== Segment start ==
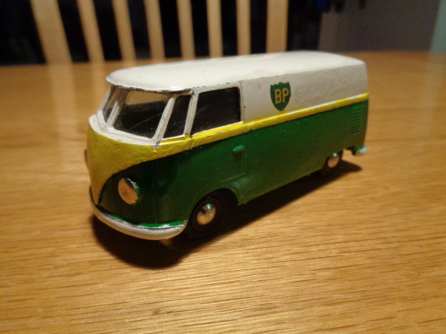 Tekno VW T1 transporter BP Service projekt.Teknobiler og andet gammelt legetøj › Fora › Teknobiler › Tekno VW T1 transporter BP Service projekt.This topic has 2 svar, 1 stemme, and was last updated 5 years, 7 months siden by Kim Bjarne Sørensen.Viser 3 indlæg - 1 til 3 (af 3 i alt)ForfatterIndlæg marts 25, 2020 kl. 01:00 #66339 Kim Bjarne SørensenParticipantHej alle. For nylig købte jeg en Teknobil af ovenstående model af Peter. Jeg har siden forbedret lidt på den, jeg er dog ikke færdig endnu. Det er nemlig planen at den kommer tæt på sit oprindelige udseende, og vil fortsat være en BP Service bil.MVH Kim B S.Attachments:DSC00361.jpgDSC00362.jpg april 4, 2020 kl. 22:16 #66642 Kim Bjarne SørensenParticipantHej alle. Så fik jeg lavet lidt mere på min BP-service vogn. Jeg mangler lige at montere nogen decaler.MVH Kim B S.Attachments:DSC00365.jpgDSC00366.jpg april 12, 2020 kl. 19:44 #67158 Kim Bjarne SørensenParticipantHej alle. Så blev der endelig lidt tid til at gøre BP Service vognen færdig.MVH Kim B S.Attachments:DSC00377.jpgDSC00378.jpgDSC00379.jpgForfatterIndlægViser 3 indlæg - 1 til 3 (af 3 i alt)Du skal være logget ind for at svare på dette indlæg.Log ind Brugernavn: Kodeord: Husk mig Log ind
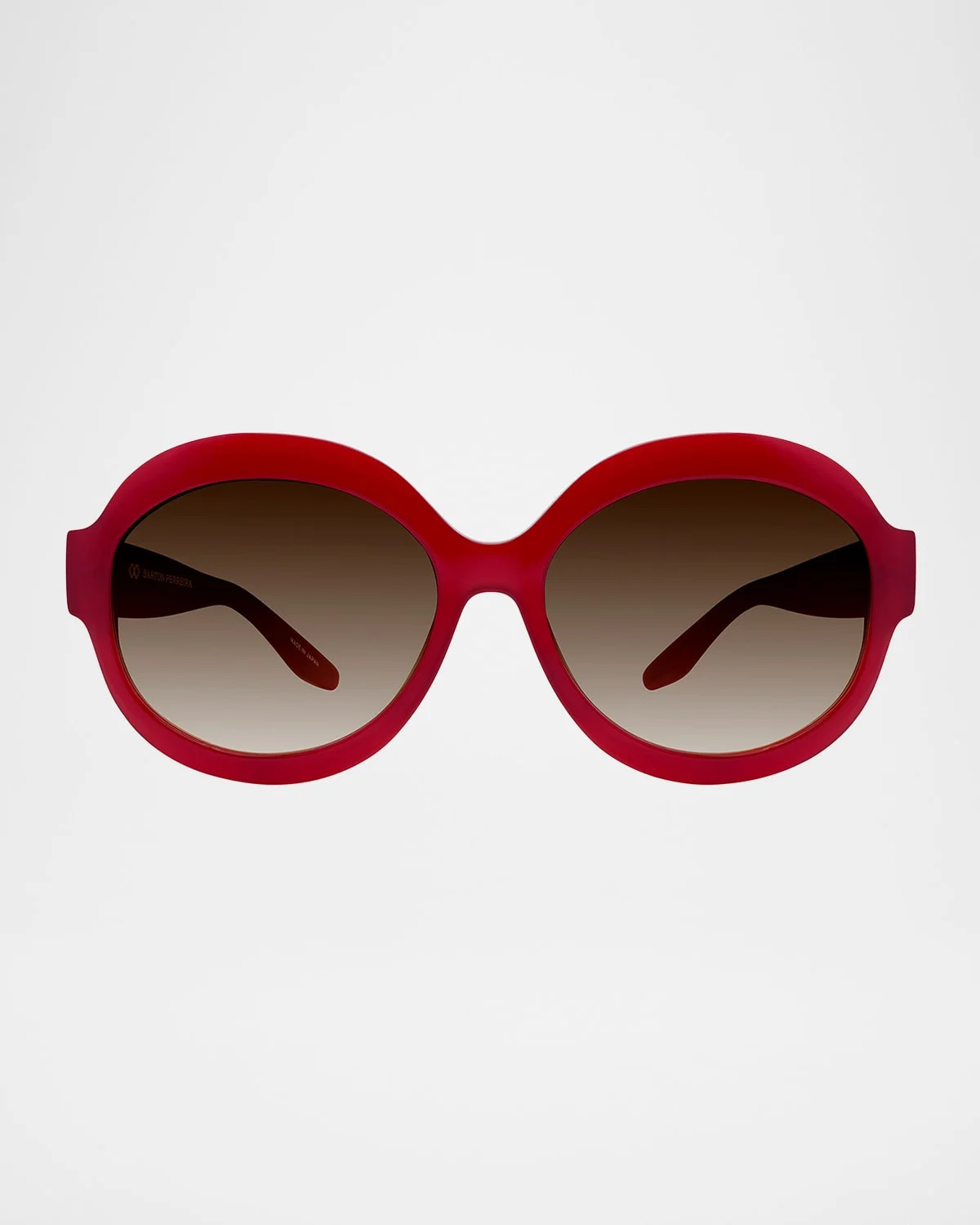 Barton Perreira "Orleandra" round sunglasses in zyl & nbsp; Eye/bridge/temple (in mm): 59-17-145 Gradient lenses Saddle nose bridge Thin, tapered arms Universal fit Zyl/titanium Wipe clean 100% UVA/UVB protection Made in Japan Proposition 65 warning for California residents
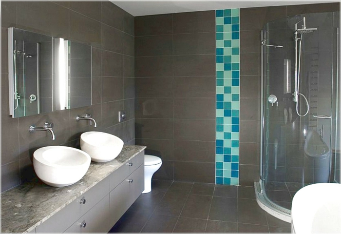 Comme il est à la mode — une salle de bain en gris et turquoise
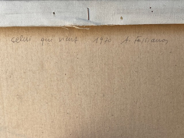 Υπογεγραμμένο μπροστά στα ελληνικά και στο πίσω μέρος στα γαλλικά με τίτλο, ημερομηνία και υπογραφή του καλλιτέχνη.
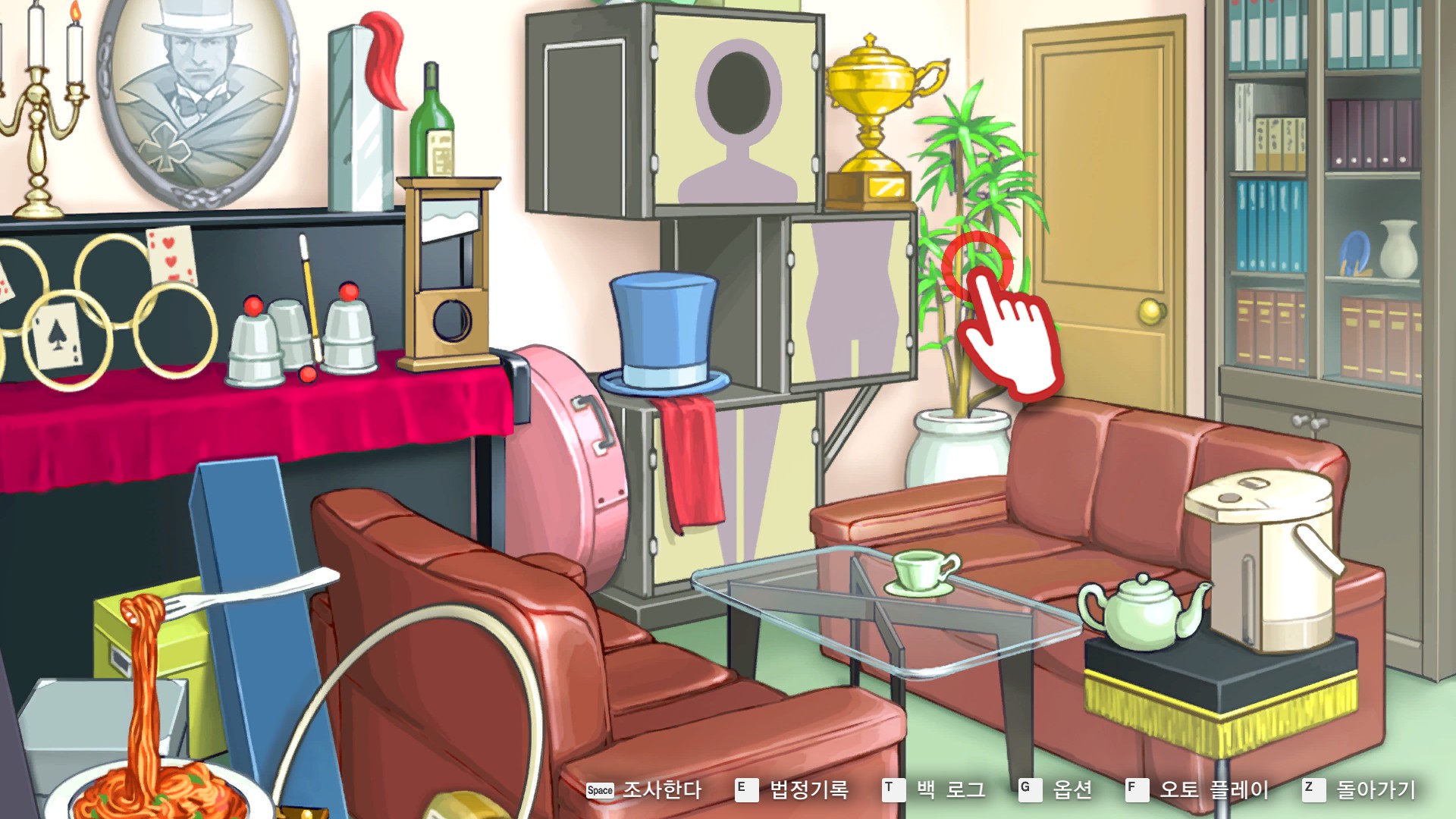 7. 역전재판6 > 제5화 > 탐정 1일차 시작 챕터로 이동해 관엽식물을 조사합니다.
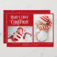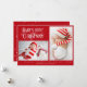Une simple typographie carte de faire-part de naissance rouge de vacances avec un design photo. Les caractéristiques de ce design peuvent être personnalisées.
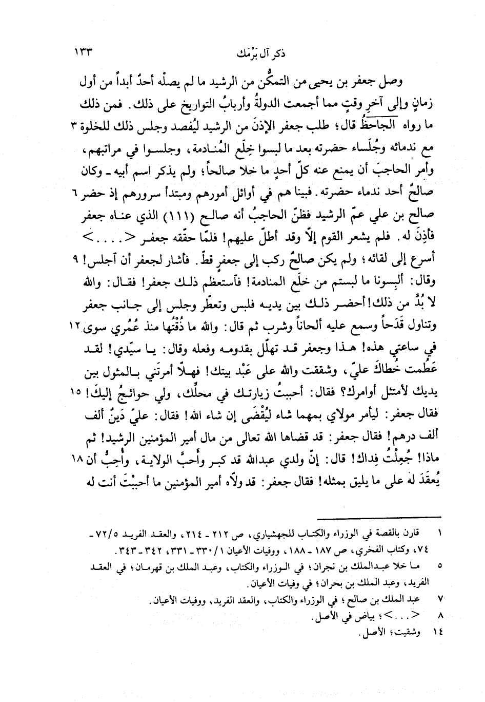 وصل جعفر بن يحيى من التمكّن من الرشيد ما لم يصله أحد أبدا من أول زمان وإلى آخر وقت مما أجمعت الدولة وأرباب التواريخ على ذلك. فمن ذلك ما رواه الجاحظ قال؛ طلب جعفر الإذن من الرشيد ليفصد وجلس ذلك للخلوة مع ندمائه وجلساء حضرته بعد ما لبسوا خلع المنادمة، وجلسوا في مراتبهم، وأمر الحاجب أن يمنع عنه كلّ أحد ما خلا صالحا؛ ولم يذكر اسم أبيه-وكان صالح أحد ندماء حضرته. فبينا هم في أوائل أمورهم ومبتدأ سرورهم إذ حضر صالح بن علي عمّ الرشيد فظنّ الحاجب أنه صالح (111) الذي عناه جعفر فأذن له. فلم يشعر القوم إلاّ وقد أطلّ عليهم! فلمّا حقّقه جعفر < .... > أسرع إلى لقائه؛ ولم يكن صالح ركب إلى جعفر قطّ. فأشار لجعفر أن اجلس! وقال: ألبسونا ما لبستم من خلع المنادمة! فاستعظم ذلك جعفر! فقال: والله لا بدّ من ذلك! أحضر ذلك بين يديه فلبس وتعطّر وجلس إلى جانب جعفر وتناول قدحا وسمع عليه ألحانا وشرب ثم قال: والله ما ذقتها منذ عمري سوى في ساعتي هذه! هذا وجعفر قد تهلّل بقدومه وفعله وقال: يا سيّدي! لقد عطمت خطاك عليّ، وشققت والله على عبد بيتك! فهلاّ أمرتني بالمثول بين يديك لأمتثل أوامرك؟ فقال: أحببت زيارتك في محلّك، ولي حوائج إليك! فقال جعفر: ليأمر مولاي بمهما شاء ليقضى إن شاء الله! فقال: عليّ دين ألف ألف درهم! فقال جعفر: قد قضاها الله تعالى من مال أمير المؤمنين الرشيد! ثم ماذا! جعلت فداك! قال: إنّ ولدي عبد الله قد كبر وأحبّ الولاية، وأحبّ أن يعقد له على ما يليق بمثله! فقال جعفر: قد ولاّه أمير المؤمنين ما أحببت أنت له
== Segment end ==
## Exercise instructions
Set down the records above exactly, leaving out pictures.

## Result of the task
 Tekno VW T1 transporter BP Service projekt.Teknobiler og andet gammelt legetøj › Fora › Teknobiler › Tekno VW T1 transporter BP Service projekt.This topic has 2 svar, 1 stemme, and was last updated 5 years, 7 months siden by Kim Bjarne Sørensen.Viser 3 indlæg - 1 til 3 (af 3 i alt)ForfatterIndlæg marts 25, 2020 kl. 01:00 #66339 Kim Bjarne SørensenParticipantHej alle. For nylig købte jeg en Teknobil af ovenstående model af Peter. Jeg har siden forbedret lidt på den, jeg er dog ikke færdig endnu. Det er nemlig planen at den kommer tæt på sit oprindelige udseende, og vil fortsat være en BP Service bil.MVH Kim B S.Attachments:DSC00361.jpgDSC00362.jpg april 4, 2020 kl. 22:16 #66642 Kim Bjarne SørensenParticipantHej alle. Så fik jeg lavet lidt mere på min BP-service vogn. Jeg mangler lige at montere nogen decaler.MVH Kim B S.Attachments:DSC00365.jpgDSC00366.jpg april 12, 2020 kl. 19:44 #67158 Kim Bjarne SørensenParticipantHej alle. Så blev der endelig lidt tid til at gøre BP Service vognen færdig.MVH Kim B S.Attachments:DSC00377.jpgDSC00378.jpgDSC00379.jpgForfatterIndlægViser 3 indlæg - 1 til 3 (af 3 i alt)Du skal være logget ind for at svare på dette indlæg.Log ind Brugernavn: Kodeord: Husk mig Log ind
 Barton Perreira "Orleandra" round sunglasses in zyl & nbsp; Eye/bridge/temple (in mm): 59-17-145 Gradient lenses Saddle nose bridge Thin, tapered arms Universal fit Zyl/titanium Wipe clean 100% UVA/UVB protection Made in Japan Proposition 65 warning for California residents
 Comme il est à la mode — une salle de bain en gris et turquoise
 Υπογεγραμμένο μπροστά στα ελληνικά και στο πίσω μέρος στα γαλλικά με τίτλο, ημερομηνία και υπογραφή του καλλιτέχνη.
 7. 역전재판6 > 제5화 > 탐정 1일차 시작 챕터로 이동해 관엽식물을 조사합니다.
Une simple typographie carte de faire-part de naissance rouge de vacances avec un design photo. Les caractéristiques de ce design peuvent être personnalisées.
 وصل جعفر بن يحيى من التمكّن من الرشيد ما لم يصله أحد أبدا من أول زمان وإلى آخر وقت مما أجمعت الدولة وأرباب التواريخ على ذلك. فمن ذلك ما رواه الجاحظ قال؛ طلب جعفر الإذن من الرشيد ليفصد وجلس ذلك للخلوة مع ندمائه وجلساء حضرته بعد ما لبسوا خلع المنادمة، وجلسوا في مراتبهم، وأمر الحاجب أن يمنع عنه كلّ أحد ما خلا صالحا؛ ولم يذكر اسم أبيه-وكان صالح أحد ندماء حضرته. فبينا هم في أوائل أمورهم ومبتدأ سرورهم إذ حضر صالح بن علي عمّ الرشيد فظنّ الحاجب أنه صالح (111) الذي عناه جعفر فأذن له. فلم يشعر القوم إلاّ وقد أطلّ عليهم! فلمّا حقّقه جعفر < .... > أسرع إلى لقائه؛ ولم يكن صالح ركب إلى جعفر قطّ. فأشار لجعفر أن اجلس! وقال: ألبسونا ما لبستم من خلع المنادمة! فاستعظم ذلك جعفر! فقال: والله لا بدّ من ذلك! أحضر ذلك بين يديه فلبس وتعطّر وجلس إلى جانب جعفر وتناول قدحا وسمع عليه ألحانا وشرب ثم قال: والله ما ذقتها منذ عمري سوى في ساعتي هذه! هذا وجعفر قد تهلّل بقدومه وفعله وقال: يا سيّدي! لقد عطمت خطاك عليّ، وشققت والله على عبد بيتك! فهلاّ أمرتني بالمثول بين يديك لأمتثل أوامرك؟ فقال: أحببت زيارتك في محلّك، ولي حوائج إليك! فقال جعفر: ليأمر مولاي بمهما شاء ليقضى إن شاء الله! فقال: عليّ دين ألف ألف درهم! فقال جعفر: قد قضاها الله تعالى من مال أمير المؤمنين الرشيد! ثم ماذا! جعلت فداك! قال: إنّ ولدي عبد الله قد كبر وأحبّ الولاية، وأحبّ أن يعقد له على ما يليق بمثله! فقال جعفر: قد ولاّه أمير المؤمنين ما أحببت أنت له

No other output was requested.